There are several forms of indeterminate expressions, including '0/0', '0 times infinity', and 'infinity minus infinity'. Each of these represents a unique case where a limit needs additional analysis or manipulation to determine its value.
When faced with an indeterminate form, techniques like L'Hopital's Rule, algebraic manipulation, or even transforming the function can provide clarity and a path to the solution. A deep understanding of these forms is essential for solving complex limits and is a central concept in calculus and further mathematical analysis.
Infinity Over Infinity
The 'infinity over infinity' dilemma within limits can be perplexing because it's not immediately clear how the ratio will behave as both the numerator and denominator approach infinity. The rate of growth for both elements is crucial, and different functions grow at different rates.
When dealing with such a problem, the first step is to realize that this scenario is indeed an indeterminate form, one where L'Hopital's Rule can be effectively applied. This rule helps to analyze the behavior of ratios as variables tend towards infinity, often simplifying or transforming the original limit into one that is easier to evaluate.
Understanding how to handle 'infinity over infinity' is more than just applying a rule; it is about interpreting the behavior of functions as they grow without bounds. It is essential to compare the growth rates of the numerator and the denominator and then determine how their ratio behaves as the variable approaches infinity.
When dealing with such a problem, the first step is to realize that this scenario is indeed an indeterminate form, one where L'Hopital's Rule can be effectively applied. This rule helps to analyze the behavior of ratios as variables tend towards infinity, often simplifying or transforming the original limit into one that is easier to evaluate.
Understanding how to handle 'infinity over infinity' is more than just applying a rule; it is about interpreting the behavior of functions as they grow without bounds. It is essential to compare the growth rates of the numerator and the denominator and then determine how their ratio behaves as the variable approaches infinity.
Logarithmic Limits
Logarithmic functions are prevalent in limits, especially when they are involved in ratios or as part of exponents, as seen in the given exercise. Considering logarithmic limits involves understanding the behavior of logarithms as the input either approaches zero, infinity, or any other critical value.
In the context of 'infinity over infinity', logarithmic limits can be particularly tricky to evaluate. Logarithmic functions grow very slowly compared to polynomial or exponential functions. As a result, when a logarithmic function is in the numerator, and the denominator is, for example, a linear function like 'x', the denominator grows much faster, and the overall limit tends to zero, as demonstrated in our provided exercise.
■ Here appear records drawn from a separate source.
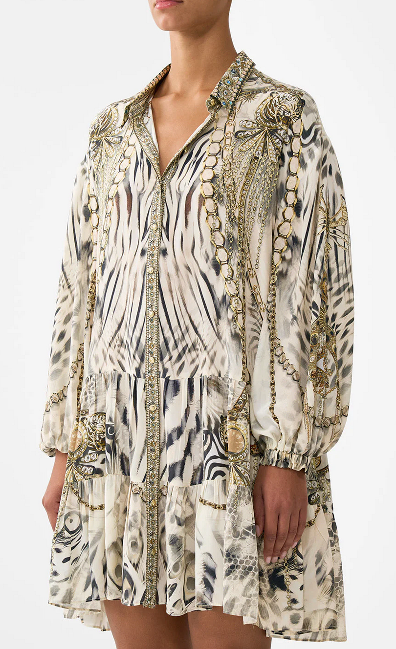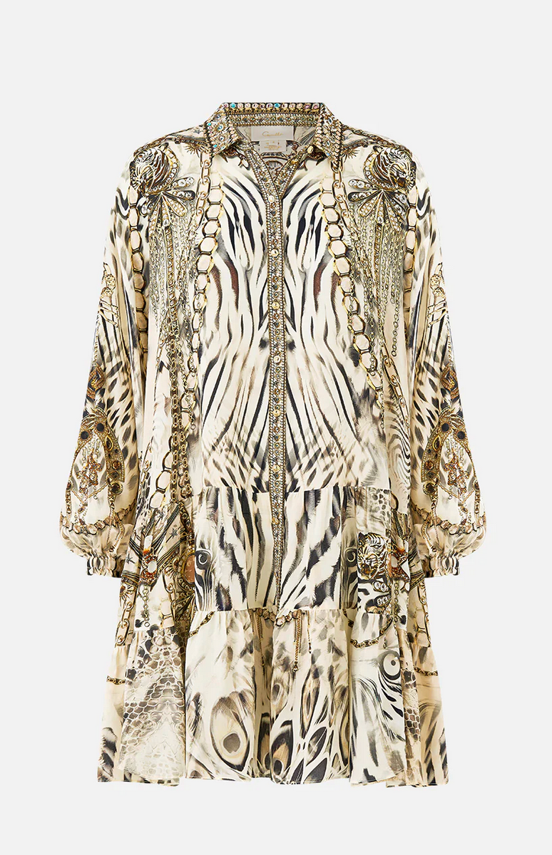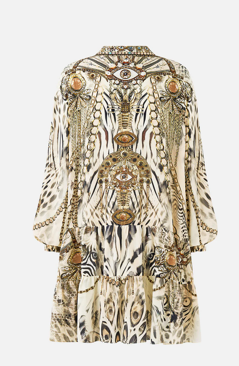 The Lady Lionheart Long Sleeve Tiered Short Dress is a handcrafted silhouette designed by our in house artisans. Reimagined in an exclusive limited edition print, this relaxed mini dress is paired with luscious blouson sleeves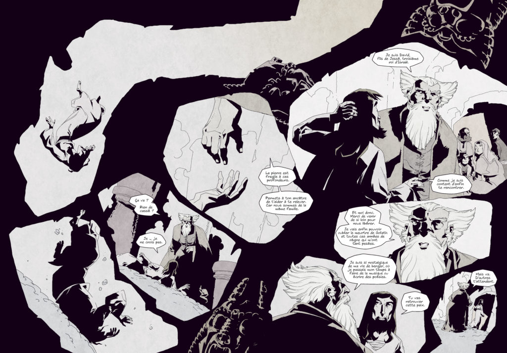 Graphiquement, je devais inventer les enfers, le Shéol. Je me suis inspiré des gravures de Jérôme Bosch et d’éléments byzantins et médiévaux.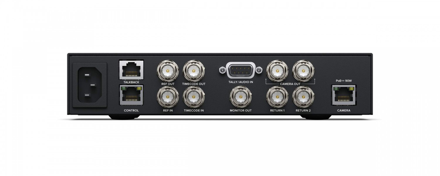 Izbirni pretvornik vmesnika kamere 10G Ethernet Kamera Blackmagic Studio 4K omogoča prenos videa, signalnih ukazov, komunikacijskega kanala in napajanja kamere po enem kablu, podobno kot hibridni vmesnik SMPTE Fiber, vendar po bistveno nižji ceni ethernetnega kabla Cat 6A. Pretvornik Blackmagic Studio Converter opravi vse pretvorbe v režiji in dopolni ethernetni vmesnik z napajanjem PoE do kamere. Ponuja 2x 12G-SDI I/O, izhod za spremljanje 3G-SDI, 1x RJ-45 10G Ethernet s podporo PoE, I/O za časovno kodo in referenčni signal (Tri-Sync ali Black Burst), povratni govor (kanali SDI 13-16 in RJ-45), 2,2-palčni zaslon LCD, izhod za slušalke in vgrajeni zvočnik itd. V prodaji od 12/2021.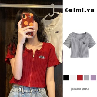 Áo Thun Croptop Tay Ngắn Dáng Ôm Màu Tương Phản Thời Trang Mùa Hè Mới Cho Nữ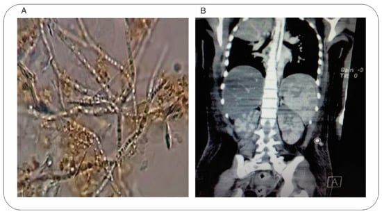 Identification of M. capitatus as the causal agent of IFI. (A) Microscopic evaluation (Zeiss Primo Star 415500 optical microscope, 40×) of a fresh sample of bile fluid with 20% of KOH, observing hyaline septate macrosiphoned hyphae structures. (B) Detection of M. capitatus invasion of internal organs with an abdominal CT scan. The coronal plane shows multiple injuries in the spleen and kidneys.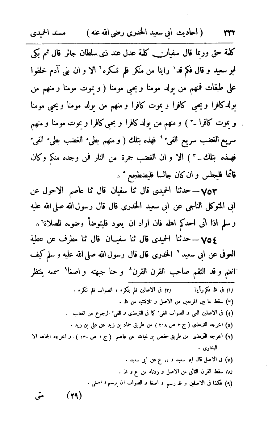 753 - حدثنا الحميدي قال ثنا سفيان قال ثنا عاصم الأحول عن أبي المتوكل الناجي عن أبي سعيد الخدري قال قال رسول الله صلى الله عليه و سلم : إذا أتى أحدكم أهله فإن أراد أن يعود فليتوضأ وضوءه للصلاة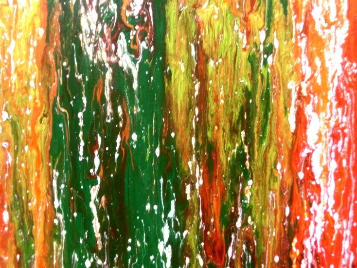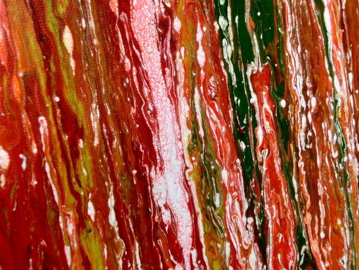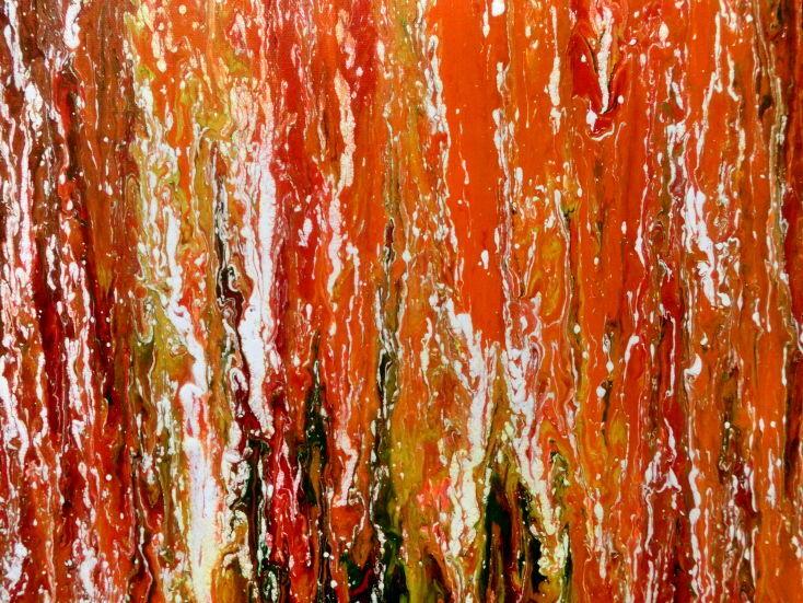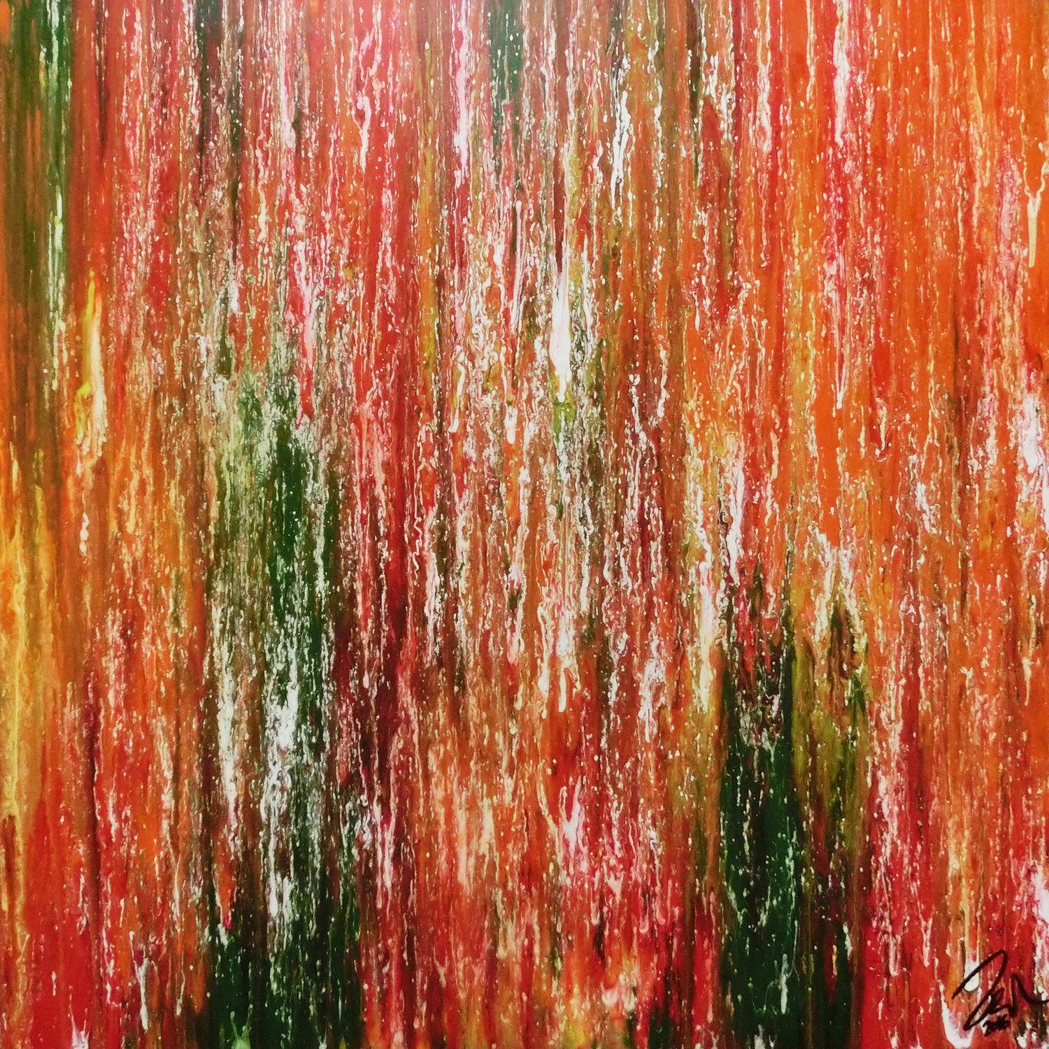 Abstraktes Acrylgemälde modern quadratisch in orange grün gelb und rot

Understanding the properties of logarithms, such as their slow growth rate and how they transform multiplication into addition or powers into products, is vital for solving limits. In summary, grasping logarithmic limits eases the way towards evaluating complex limits that involve these functions.
In the context of 'infinity over infinity', logarithmic limits can be particularly tricky to evaluate. Logarithmic functions grow very slowly compared to polynomial or exponential functions. As a result, when a logarithmic function is in the numerator, and the denominator is, for example, a linear function like 'x', the denominator grows much faster, and the overall limit tends to zero, as demonstrated in our provided exercise.
Understanding the properties of logarithms, such as their slow growth rate and how they transform multiplication into addition or powers into products, is vital for solving limits. In summary, grasping logarithmic limits eases the way towards evaluating complex limits that involve these functions.